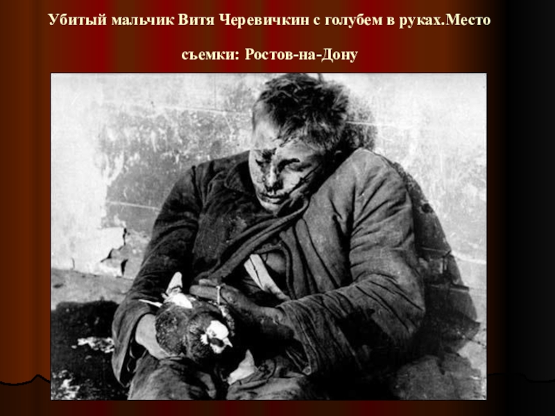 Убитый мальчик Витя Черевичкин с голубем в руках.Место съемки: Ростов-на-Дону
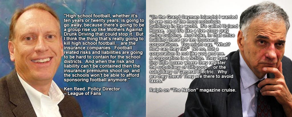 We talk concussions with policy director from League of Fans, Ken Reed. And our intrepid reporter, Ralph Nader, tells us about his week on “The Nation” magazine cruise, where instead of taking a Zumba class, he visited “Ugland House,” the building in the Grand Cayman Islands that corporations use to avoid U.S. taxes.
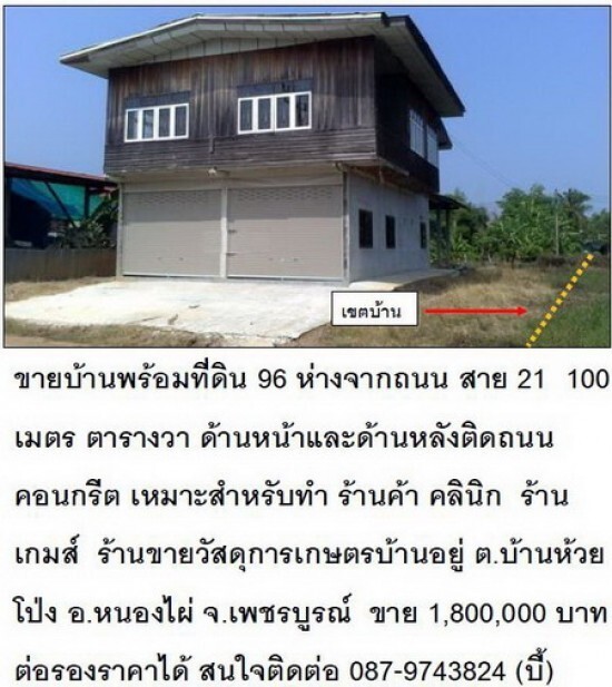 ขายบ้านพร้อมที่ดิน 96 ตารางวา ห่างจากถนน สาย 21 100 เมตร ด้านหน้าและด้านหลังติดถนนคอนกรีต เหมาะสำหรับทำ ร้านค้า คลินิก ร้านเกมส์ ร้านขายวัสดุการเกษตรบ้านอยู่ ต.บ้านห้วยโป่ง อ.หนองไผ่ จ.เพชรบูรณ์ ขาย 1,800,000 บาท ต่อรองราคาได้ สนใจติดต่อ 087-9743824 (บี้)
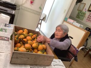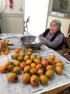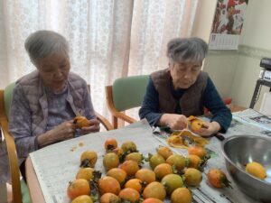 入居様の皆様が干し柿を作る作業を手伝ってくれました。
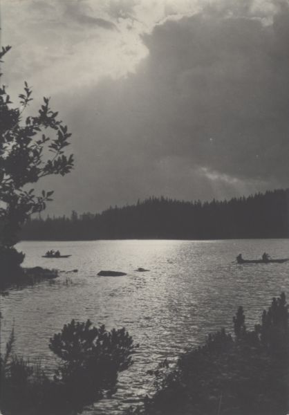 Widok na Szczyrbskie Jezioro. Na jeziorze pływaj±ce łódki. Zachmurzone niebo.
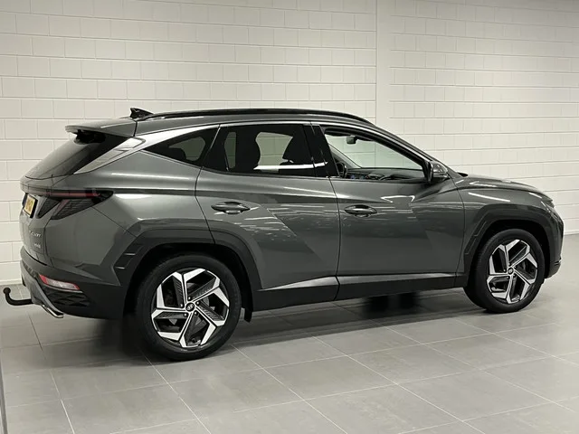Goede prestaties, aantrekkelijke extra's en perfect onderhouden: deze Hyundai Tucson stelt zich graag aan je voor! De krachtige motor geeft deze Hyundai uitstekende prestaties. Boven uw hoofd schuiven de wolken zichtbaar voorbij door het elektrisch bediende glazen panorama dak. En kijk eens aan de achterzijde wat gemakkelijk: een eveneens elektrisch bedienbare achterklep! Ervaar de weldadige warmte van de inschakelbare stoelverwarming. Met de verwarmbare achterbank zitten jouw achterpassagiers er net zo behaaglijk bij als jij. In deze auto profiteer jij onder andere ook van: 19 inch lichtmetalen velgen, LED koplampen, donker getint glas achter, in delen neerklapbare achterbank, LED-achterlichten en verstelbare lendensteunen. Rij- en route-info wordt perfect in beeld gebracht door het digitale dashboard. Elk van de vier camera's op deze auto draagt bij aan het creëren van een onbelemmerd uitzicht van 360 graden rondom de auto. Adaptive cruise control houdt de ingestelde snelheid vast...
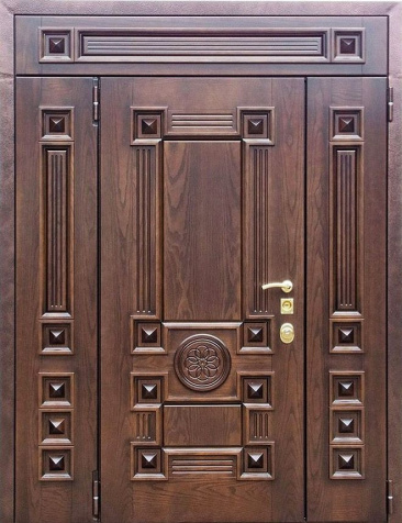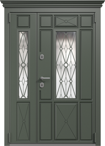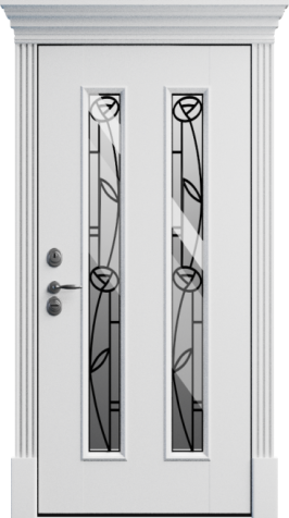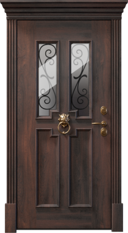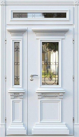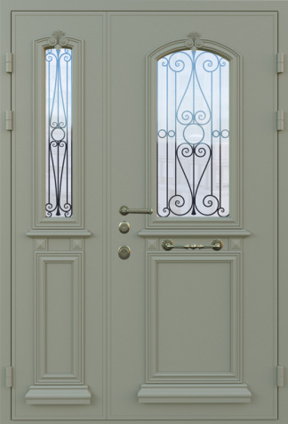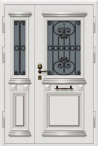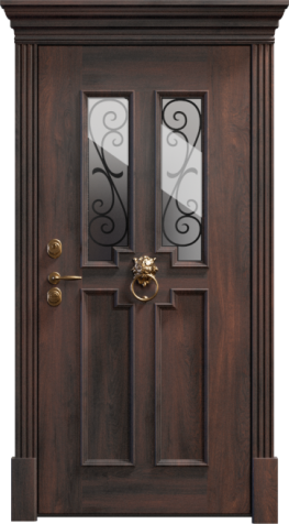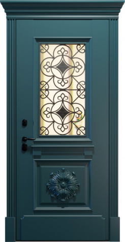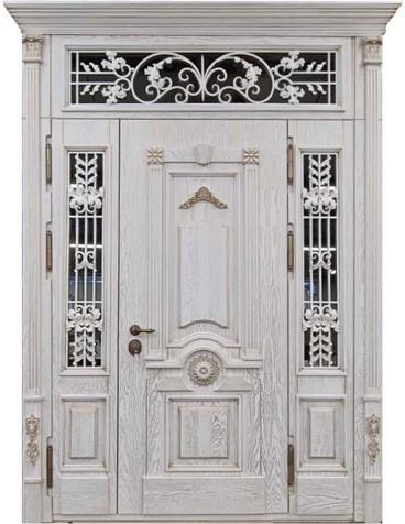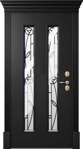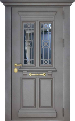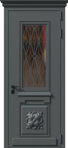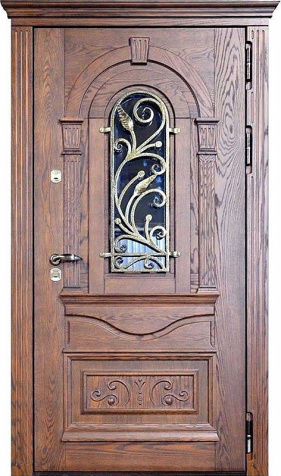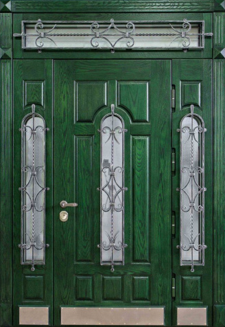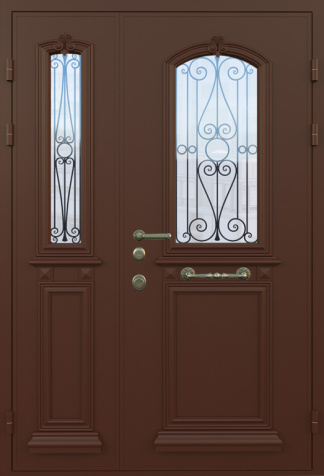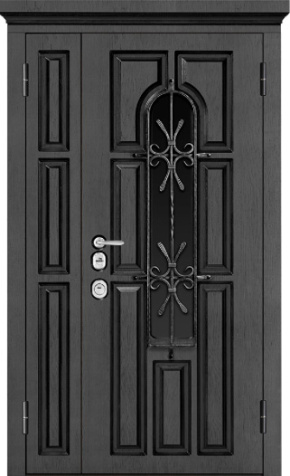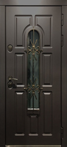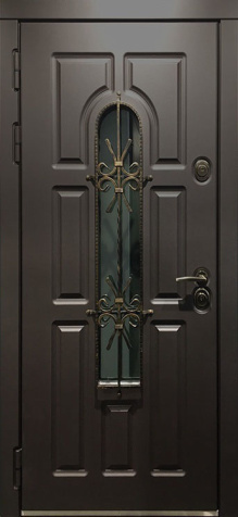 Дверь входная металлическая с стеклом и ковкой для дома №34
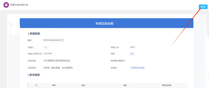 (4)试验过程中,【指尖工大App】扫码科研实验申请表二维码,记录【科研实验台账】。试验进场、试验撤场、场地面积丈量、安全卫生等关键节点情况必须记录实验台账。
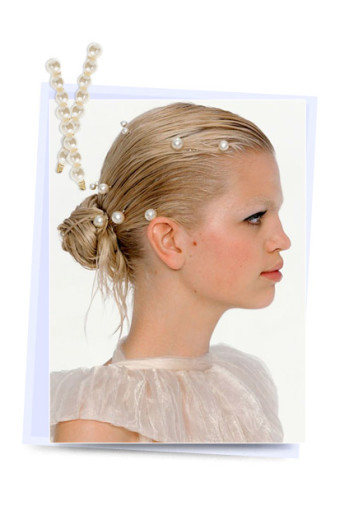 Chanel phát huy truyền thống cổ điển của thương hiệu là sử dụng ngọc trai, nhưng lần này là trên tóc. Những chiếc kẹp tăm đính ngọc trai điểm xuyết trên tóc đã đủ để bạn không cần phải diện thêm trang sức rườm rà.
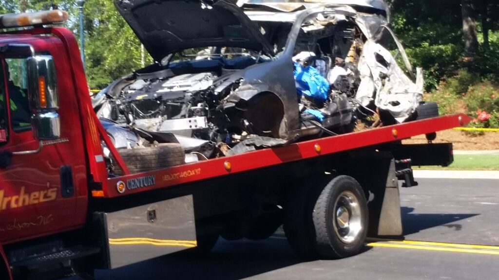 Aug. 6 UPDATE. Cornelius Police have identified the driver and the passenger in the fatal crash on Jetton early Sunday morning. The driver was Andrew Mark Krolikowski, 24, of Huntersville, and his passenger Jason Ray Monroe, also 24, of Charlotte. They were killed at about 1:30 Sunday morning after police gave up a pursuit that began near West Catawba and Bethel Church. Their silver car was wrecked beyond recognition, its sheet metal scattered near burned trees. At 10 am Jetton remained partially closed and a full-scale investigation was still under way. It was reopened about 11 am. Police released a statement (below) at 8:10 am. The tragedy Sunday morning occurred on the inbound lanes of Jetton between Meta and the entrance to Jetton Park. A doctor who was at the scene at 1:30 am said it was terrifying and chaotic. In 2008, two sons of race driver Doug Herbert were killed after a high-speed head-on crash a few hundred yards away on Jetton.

* **AIM OF THE EXERCISE**
Exactly as written, repeat the lines of the material above from the first through the line holding "Widok na Szczyrbskie", with both ends in the copy and no pictures.

* **SOLUTION**
 Убитый мальчик Витя Черевичкин с голубем в руках.Место съемки: Ростов-на-Дону
 We talk concussions with policy director from League of Fans, Ken Reed. And our intrepid reporter, Ralph Nader, tells us about his week on “The Nation” magazine cruise, where instead of taking a Zumba class, he visited “Ugland House,” the building in the Grand Cayman Islands that corporations use to avoid U.S. taxes.
 ขายบ้านพร้อมที่ดิน 96 ตารางวา ห่างจากถนน สาย 21 100 เมตร ด้านหน้าและด้านหลังติดถนนคอนกรีต เหมาะสำหรับทำ ร้านค้า คลินิก ร้านเกมส์ ร้านขายวัสดุการเกษตรบ้านอยู่ ต.บ้านห้วยโป่ง อ.หนองไผ่ จ.เพชรบูรณ์ ขาย 1,800,000 บาท ต่อรองราคาได้ สนใจติดต่อ 087-9743824 (บี้)
 入居様の皆様が干し柿を作る作業を手伝ってくれました。
 Widok na Szczyrbskie Jezioro. Na jeziorze pływaj±ce łódki. Zachmurzone niebo.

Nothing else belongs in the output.